Thus, in vitro screenings were often used to highlight the microbiota potential capacity to improve the coffee plant nutrition. For example, the ability to fix the atmospheric nitrogen was demonstrated for some bacterial species associated with C. arabica roots belonging to the genera Gluconacetobacter (Jimenez-Salgado et al., 1997; Fuentes-Ramírez et al., 2001), Burkholderia (Estrada-De Los Santos et al., 2001), Azotobacter, Leifsonia, and Stenotrophomonas (Wedhastri et al., 2012). Another valuable microbial process is the improvement of nutrient availability. To this end, the capacity to solubilize the phosphorus has been demonstrated not only for numerous bacterial species associated with C. arabica, C. canephora, and C. liberica roots and seeds, belonging to the genera Acinetobacter, Aeromonas, Alcaligenes, Arthrobacter, Bacillus, Brachybacterium, Burkholderia, Caballeronia, Cellulomonas, Chromobacterium, Chryseobacterium, Chryseomonas, Citrobacter, Curtobacterium, Enterobacter, Gordonia, Kocuria, Luteibacter, Mycolicibacterium, Nocardia, Paenibacillus, Paraburkholderia, Pasteurella, Pseudomonas, Rhodococcus, Sphingomonas, Staphylococcus, Stenotrophomonas, and Vibrio (Baon et al., 2012; Muleta et al., 2013; Teshome et al., 2017; Duong et al., 2021) and also for some fungi from the genera Aspergillus, Chaetomium, Cladosporium, Cylindrocarpon, Fusarium, Humicola, Paecilomyces, and Penicillium (Posada et al., 2013; Perea Rojas et al., 2019). Another capacity is the iron mobilization through the production of siderophores as displayed by the bacterial genera Acinetobacter, Bacillus, Burkholderia, Caballeronia, Cellulomonas, Enterobacter, Escherichia, Luteibacter, Mycolicibacterium, Paraburkholderia, Lechevalieria, Mycobacterium, Pseudomonas, Nocardia, Paenibacillus, and Rhizobium associated with roots, leaves and seeds of C. arabica, C. canephora, and C. liberica (Silva et al., 2012; Kejela et al., 2016; Duong et al., 2021). Finally, the production of phytohormones (e.g., auxins) or regulators (e.g., the ACC deaminase enzyme able to lower ethylene level) was established for some members of the genera Bacillus, Brachybacterium, Burkholderia, Erwinia, Escherichia, Kocuria, Luteibacter, Methylobacterium, Mycobacterium, Mycolicibacterium, Nocardia, Ochrobactrum, Paenibacillus, Paracoccus, Pseudomonas, Rhizobium, Serratia, Sinomonas, and Sphingobium (Muleta et al., 2009; Baon et al., 2012; Silva et al., 2012; Kejela et al., 2016; Duong et al., 2021).
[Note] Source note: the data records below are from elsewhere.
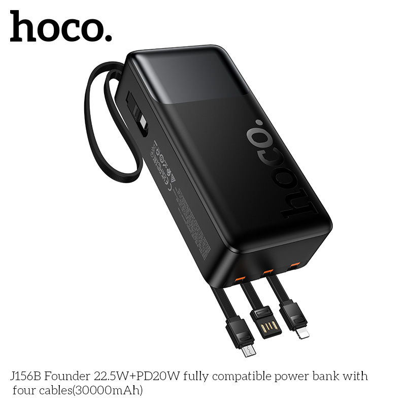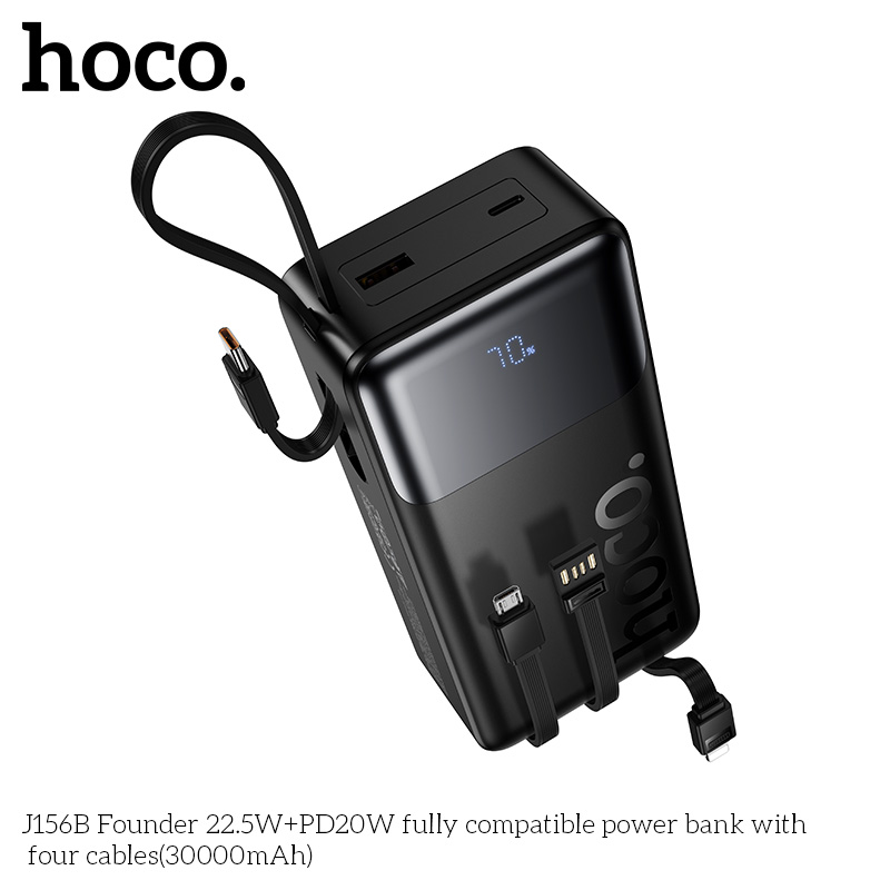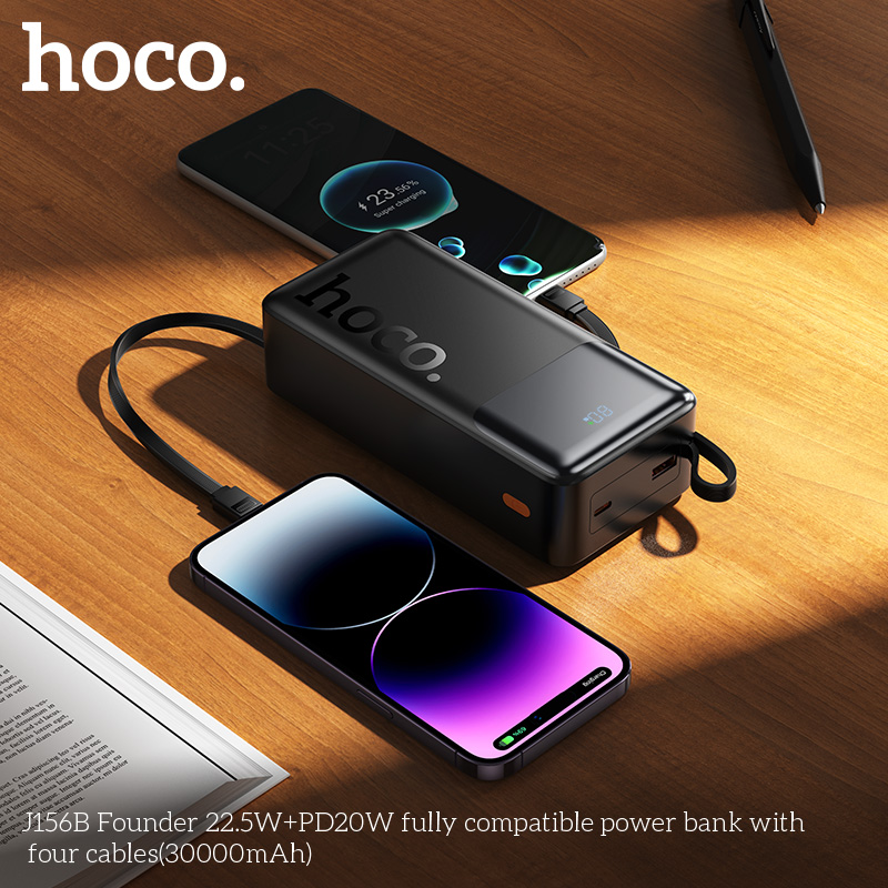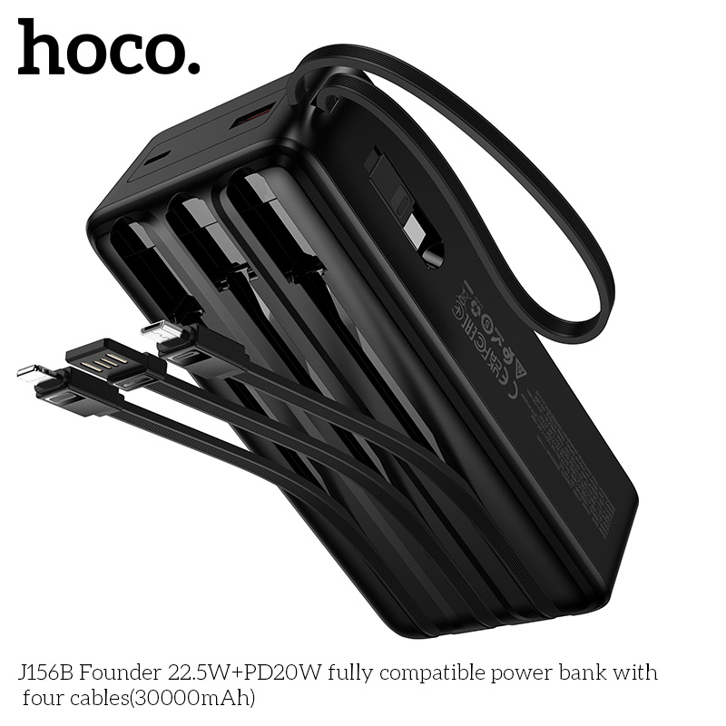 Pin dự phòng tương thích hoàn toàn J156B Founder 22.5W+PD20W với bốn dây cáp (30000mAh)
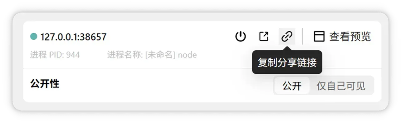 - 公开(默认):链接可被外部访问(需服务已启动),适合对外展示。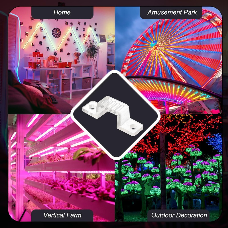 - Advantages: LED Light Clips are made of clear plastic, rustproof, windproof, and weather-proof, can hide in sight, with no damage to the light color, suitable for indoor and outdoor use. These brackets offer several benefits, including their compatibility with popular LED strip light models, easy installation process, and cable management capabilities. They can be used both indoors and outdoors, making them suitable for various applications.

Even though highlighting some plant growth-promoting capacities in vitro represents a tool to select some potential beneficial microorganisms, the most important step to support the use of microorganisms in coffee production is the validation of the effects on the plants. Therefore, several in planta experiments under various controlled conditions (nursery, greenhouse, and phytotron) were performed to confirm the growth-promoting effect of the microorganisms. For example, Chattopadhyay et al. (2006) and Wedhastri et al. (2012) demonstrated the capacity of some N-fixing bacteria to promote the growth and the nutrient acquisition of C. canephora seedlings. Baon et al. (2012) and Cisneros-Rojas et al. (2017) also highlighted the increase in biomass of C. arabica and C. canephora seedlings after the inoculation of P-solubilizing bacteria. Furthermore, Medina et al. (2003) carried out some C. arabica seed inoculations with an N-fixing bacterial strain alone or in combination with some P-solubilizing bacteria and they were able to demonstrate a plant height increase of 33% with the co-inoculation. By testing numerous endophytic isolates (bacteria and fungi), Silva et al. (2012) showed that only 6 bacterial strains out of 234 isolates tested significantly promoted the growth of C. arabica seedlings while some isolates even had a deleterious effect. Trying to understand the mechanisms involved, the authors further characterized the most the efficient strains and demonstrated their ability to solubilize phosphorus, as well as to produce auxins and siderophores. This result underlines the interest to perform some preliminary beneficial capacity screenings before undertaking further larger experiments with the coffee plants.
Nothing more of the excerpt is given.